Die drei Hauptfiguren Adrian Speer, Robert Bogner und Tina Jeschke bilden die Sondereinheit der 8. Mordkommission Berlin und könnten unterschiedlicher kaum sein, doch jeder für sich ist unabdingbar für das Team und sie verbindet längst nicht mehr nur der Job miteinander.
Adrian Speer wirkt auf mich immer wie der Fels in der Brandung. Er strahlt eine souveräne Ruhe aus und agiert selbst in brenzligsten Situationen meist überlegt und bedacht.
Robert Bogner ist da eher der aufbrausende Part, der seinem Unmut durchaus Luft macht und immer wieder mal etwas gebremst werden muss.
Tina Jeschke ist ein ruhiger Charakter mit einem eigenwilligen Äußeren und arbeitet zurückgezogen in ihrem technischen Kämmerlein. Früher redete sie nicht viel, außer wenn sie Recherche-Informationen weiterzugeben hatte, aber so langsam scheint sie aufzutauen und geselliger zu werden.
Das zusammengewürfelte Trio aussätziger Beamter habe ich bereits sehr liebgewonnen, was daran liegt, dass ich sie von Anbeginn begleitet habe und ihre charakterliche Entwicklung und die Bildung des Teams verfolgen konnte. Chris Karlden gelingt es nämlich sehr schön, den Leser mit jedem Folgeband mehr in die jeweiligen Leben und Wesenszüge seiner Charaktere mit einzubeziehen, sodass man stückchenweise immer tiefer eintaucht, fast so, als würde man jemanden im realen Leben immer besser kennenlernen. Und so ist es dann beinahe unmöglich für mich, keine emotionale Beziehung aufzubauen.
Der Schreibstil:
Die Handlung wird aus verschiedenen Sichtweisen geschildert und spielt zu unterschiedlichen Zeitpunkten, trotzdem ist das Buch bemerkenswert leicht verständlich geschrieben, sodass man stets fraglos folgen kann.
Nach mittlerweile sechs gelesenen Büchern des Autors möchte ich behaupten, seine Art zu schreiben gut zu kennen und doch hat mich Chris Karlden hier mächtig überrascht.

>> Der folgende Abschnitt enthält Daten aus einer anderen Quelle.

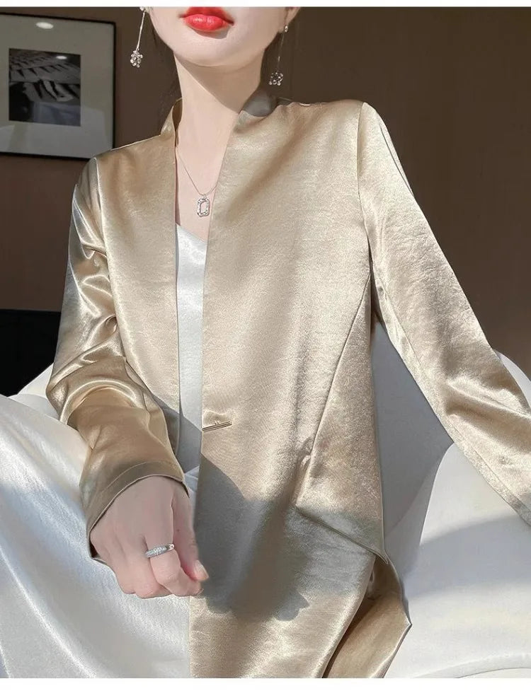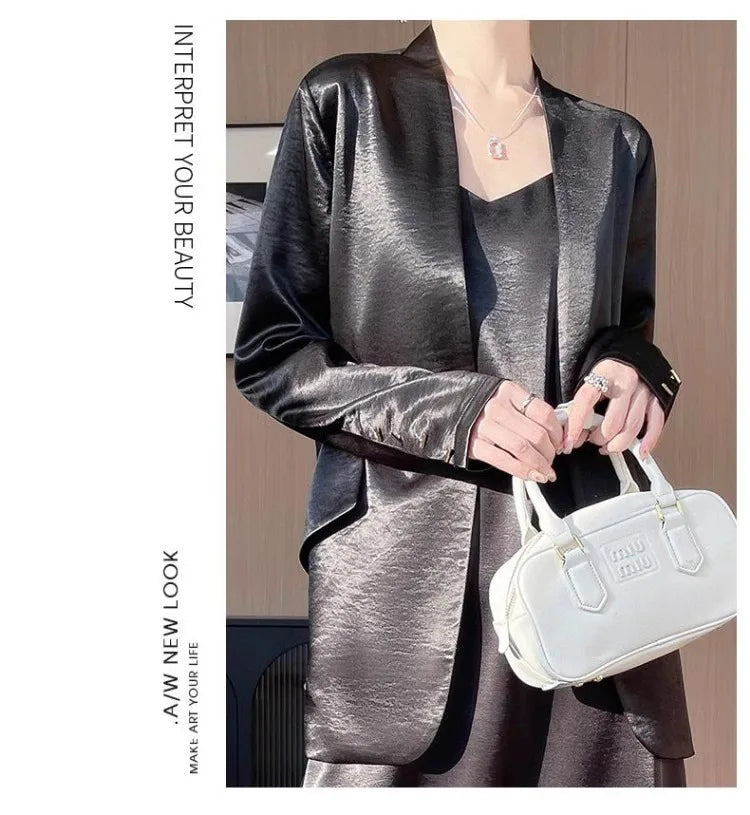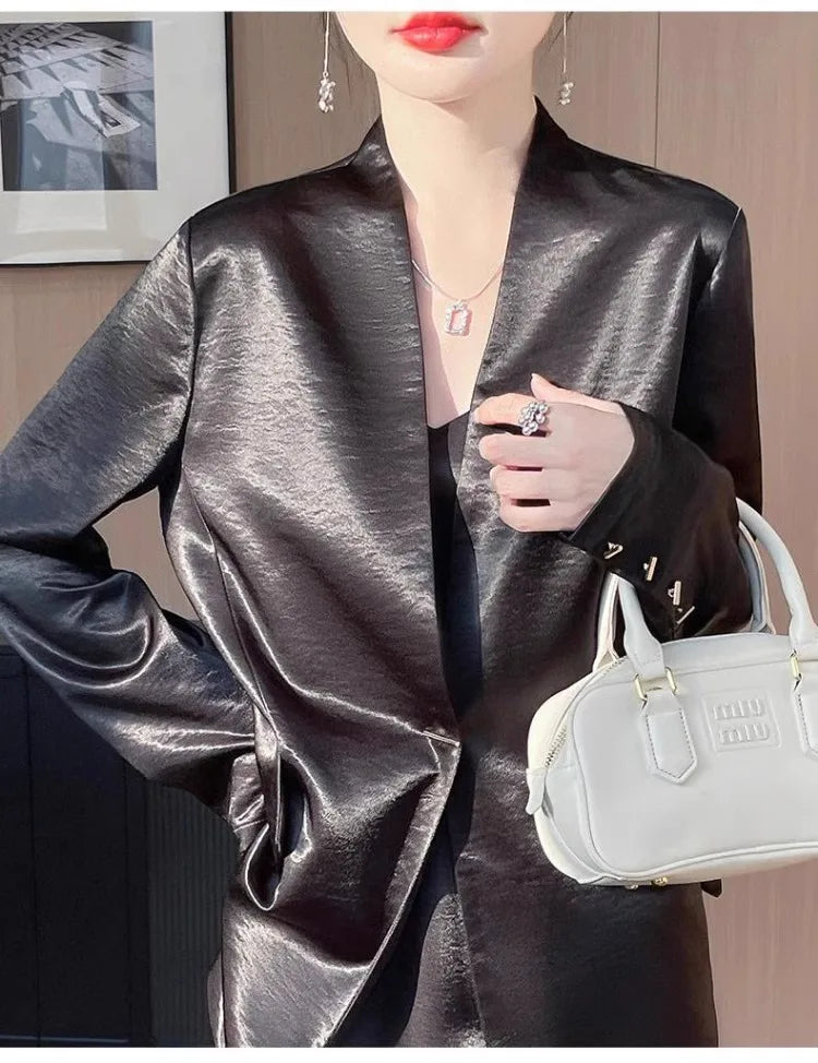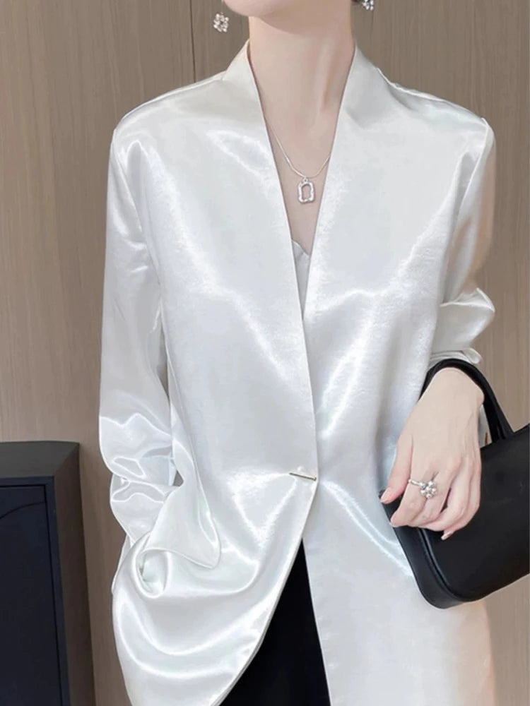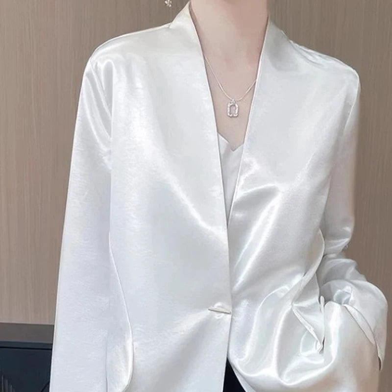 Luxury Women's 2025 Spring One-Button Satin Blazer White Office Tailored Shoulder Slim Suit Jacket Silky Smooth Formal Workwear
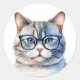 Sweet Watercolor Gray Cat Runder Aufkleber
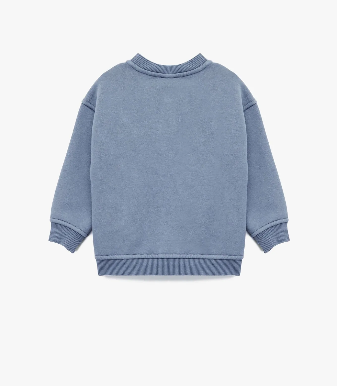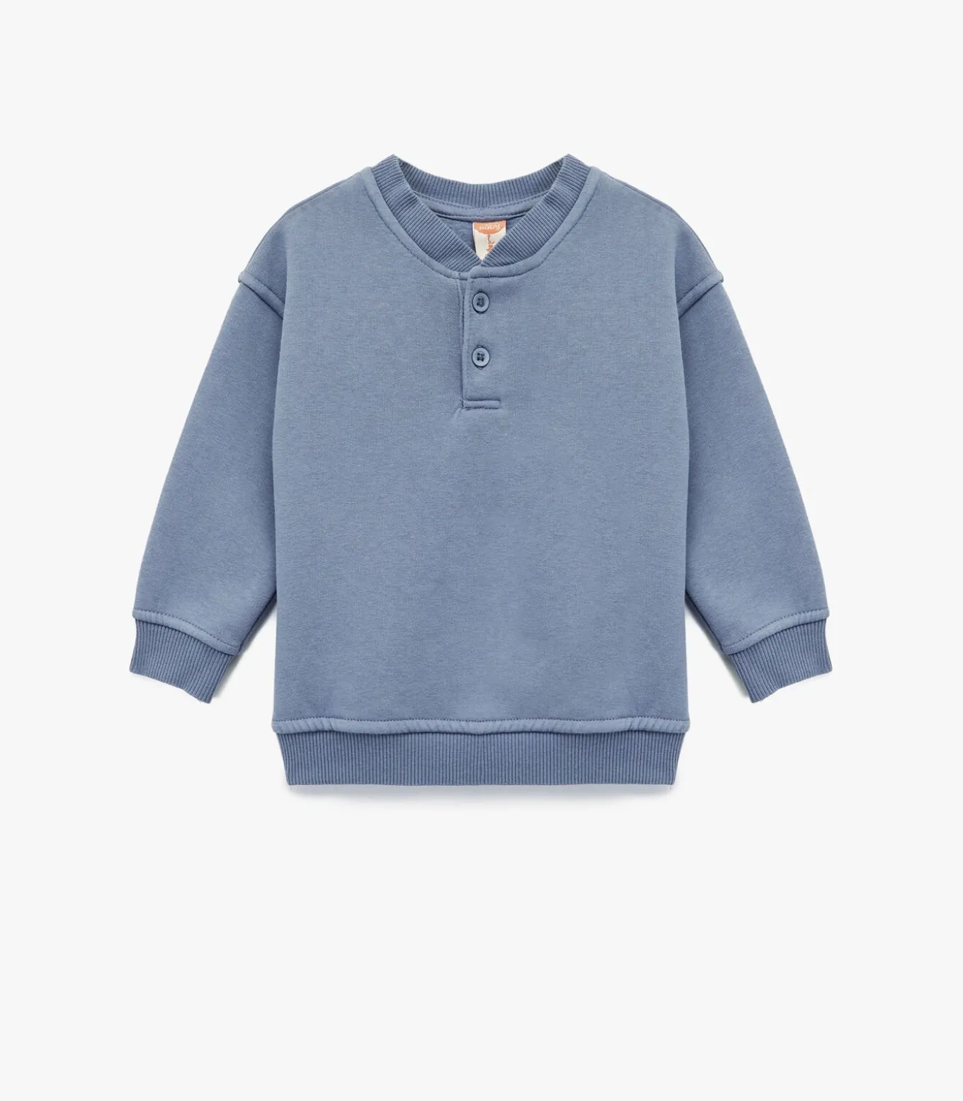 Dit blauwe baby sweatshirt biedt ultiem comfort dankzij de zachte stof. Het heeft een ronde hals en lange mouwen, perfect voor koudere dagen. De knoopsluiting voegt een speels detail toe. Ideaal voor dagelijks gebruik, zowel voor binnen als buiten.

Eine spannungsgeladene, rasante und actionreiche Handlung mit schlauen, sich gekonnt bis zum Ende versteckenden Tätern, ja, das kennt man von Chris Karlden, aber Der Tränenjäger ist noch einen Zacken schärfer in all seinen Facetten. Dunkler, rasanter, spannender, extremer, emotionaler!
Das Setting wirkt richtig schön düster und stellenweise unheimlich, ist mir die Gegend um den Lost Place doch sehr wohl bekannt. Die Handlung verläuft so rasant, dass es gefühlt Schlag auf Schlag geht und man als LeserIn kaum zum Durchatmen kommt.
Die Story wurde raffiniert konstruiert, ist absolut schlüssig und der Täter weiß sich gut zu verbergen. Chris Karlden hat mit ihm eine Figur geschaffen, die abnormer und brutaler agiert als seine bisherigen mörderischen Charaktere, offenbart dem Leser aber gleichzeitig auch mehr Details über dessen Vergangenheit, was die gesamte Struktur der Handlung emotionaler macht. Man kommt nicht umhin, sich zu fragen, wie es so weit kommen konnte, ohne dass das Umfeld etwas bemerkte, und schwankt zwischen Mitleid und aufkommendem Beschützerinstinkt auf der einen Seite und Abscheu und Ekel auf der anderen.
Fazit:
Mit Der Tränenjäger ist Chris Karlden ein echter Pageturner gelungen, der es in vielerlei Hinsicht wirklich in sich hat und sowohl alteingesessene als auch neue LeserInnen absolut begeistern wird!
Ich bin ja schon lange ein absoluter Fan von Chris Karlden, weil ich seine Art zu schreiben wirklich sehr liebe und die Ermittler der 8. Mordkommission mir unglaublich ans Herz gewachsen sind, aber ich würde sagen, dass der Autor hier seiner schriftstellerischen Intensität und Raffinesse noch ein Schippchen obendrauf gesetzt hat. Ob es nun an einer schriftstellerischen Weiterentwicklung liegt oder daran, dass sich Chris Karlden mittlerweile ganz dem Schreiben widmet, ist völlig egal. Das Endergebnis zählt und das sehe ich als extrem erfolgreich an!